Thursday, June 23, 2011

Words...when in Rome...

Quite a while ago I was talking to Matt about some thing or other, and he said that he was taught that squaw was a bad word. Huh? Squaw is a word in my ancestor's language. It is Algonquin and was used by both my Pequot and Narragansett ancestors, among others. A week or so ago I heard the same thing from another friend.

There are many Algonquin words that made their way into the language, and across the US as the Natives ran away from the settlers, and the settlers ran away from the big cities. Pow wow (from the word pauwau) , succotash, wampum, and yes , squaw are all examples of those words. They weren't bad words, or slurs towards anyone. Native Americans didn't have slurs they called people. They may describe a group in a certain way, but there was not a maliciousness to it as in some of the words we have today. We can thank the Europeans for that.

Squaw simply means a female. I was taught it meant a young female who was of marriageable age, not a child. As the word moved to the Plains, it became a slur, a put down , with negative sexual connotation. So if you are in an Algonquin setting it isn't a bad word. It is their word, so to me, it isn't a bad word. Never was. I suppose if you are in a Plains tribe's camp, it is a bad word, but apparently they don't know the real meaning of the word.

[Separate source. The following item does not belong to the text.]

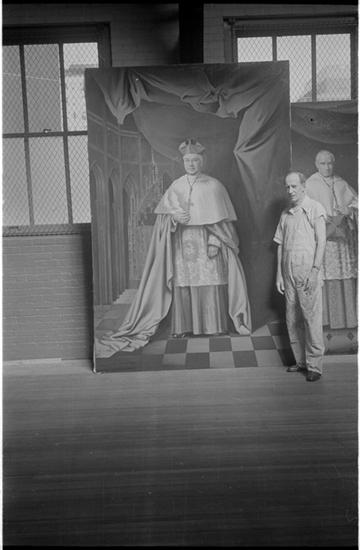 [Man standing next to two full-length portraits of Roman Catholic clergy.]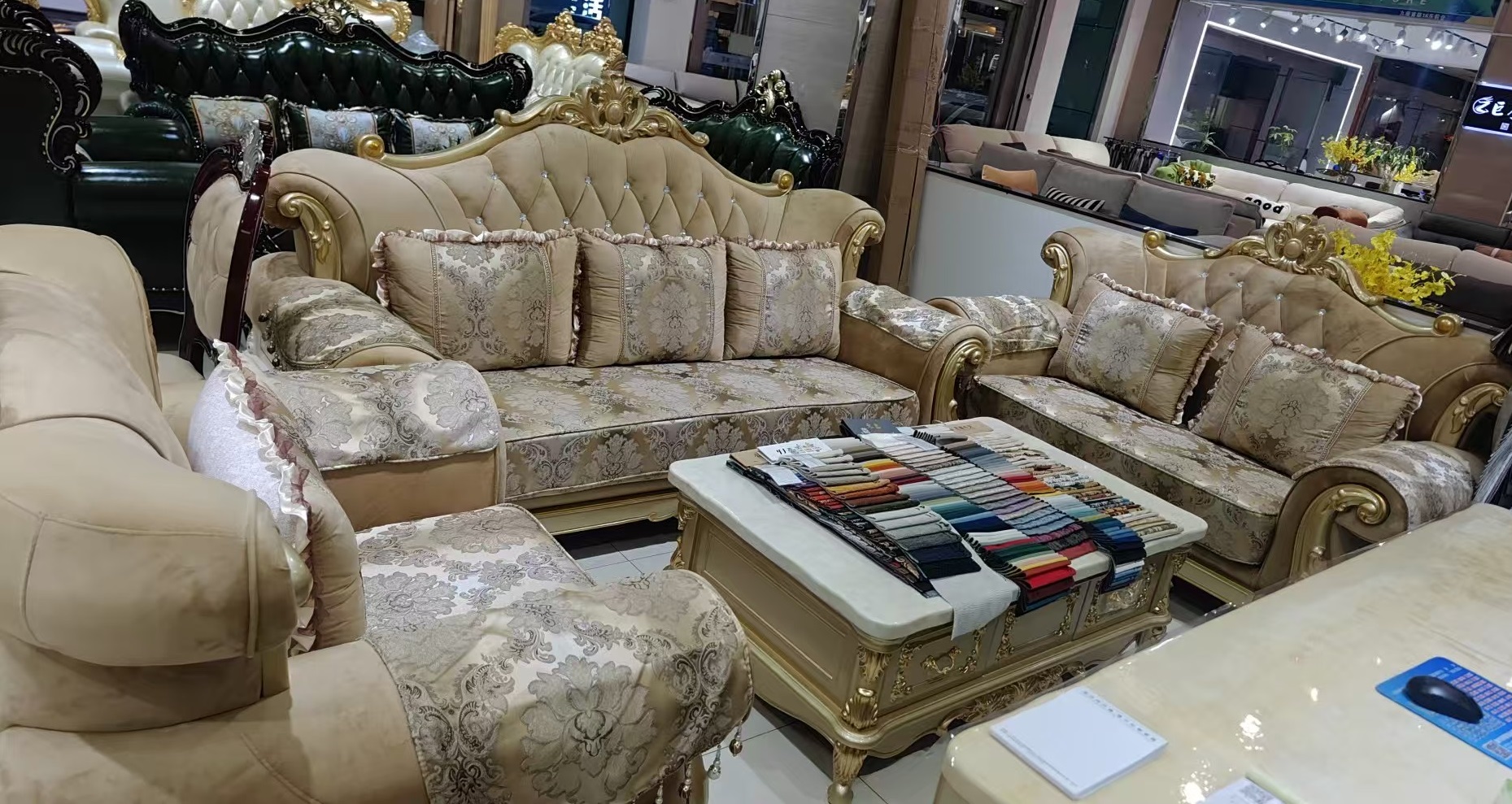 European Luxury Sofa Set – 1+2+3 Seater Bring timeless elegance into your living room with this European-inspired sofa set, crafted with ornate golden detailing and premium upholstery. Designed for both style and comfort, this set makes a stunning centerpiece for any home. ✅ Key Features Design: Classic European style with intricate carved golden frame and elegant floral patterns Material: High-quality fabric upholstery, soft to touch and durable for long-term use Comfort: Thick cushioned seats and supportive backrests with matching throw pillows included Frame: Solid wood structure for stability and strength Style: Luxurious, regal, and sophisticated – perfect for formal living rooms or upscale interiors 📐 Sizes Included 1-Seater (Armchair): Compact and comfortable for personal relaxation 2-Seater (Loveseat): Ideal for couples or smaller spaces 3-Seater (Sofa): Spacious design for the whole family 🎨 Colour & Finish Shown in champagne gold with floral fabric Custom colours and finishes available upon request ✨ This sofa set is the perfect combination of luxury, comfort, and durability, making it a standout feature in any elegant home.

We cannot become overly sensitive allowing people who are not native speakers of the language to tell us that it is a bad word. That is like me going to France (and the French are FAMOUS for renaming and redefining Native tribes and words, just ask the Sioux or Nez Pearce), and telling them "femme" is a bad word.

Squaw isn't a bad word, the Algonquins used it when talking about women in their tribes. Women they loved , honored and respected.

The damage was done in the Plains a long time ago, so I guess you need to remember the adage "when in Rome, do as the Romans do", but take the time to educate folks that it is NOT a bad word, nor a nasty slur.

Learn, research, grow!

Peshaui Wequashimese

(C)2011 Dr. R M Reiter Wolf. May not be used, copied or reproduced without prior written permission.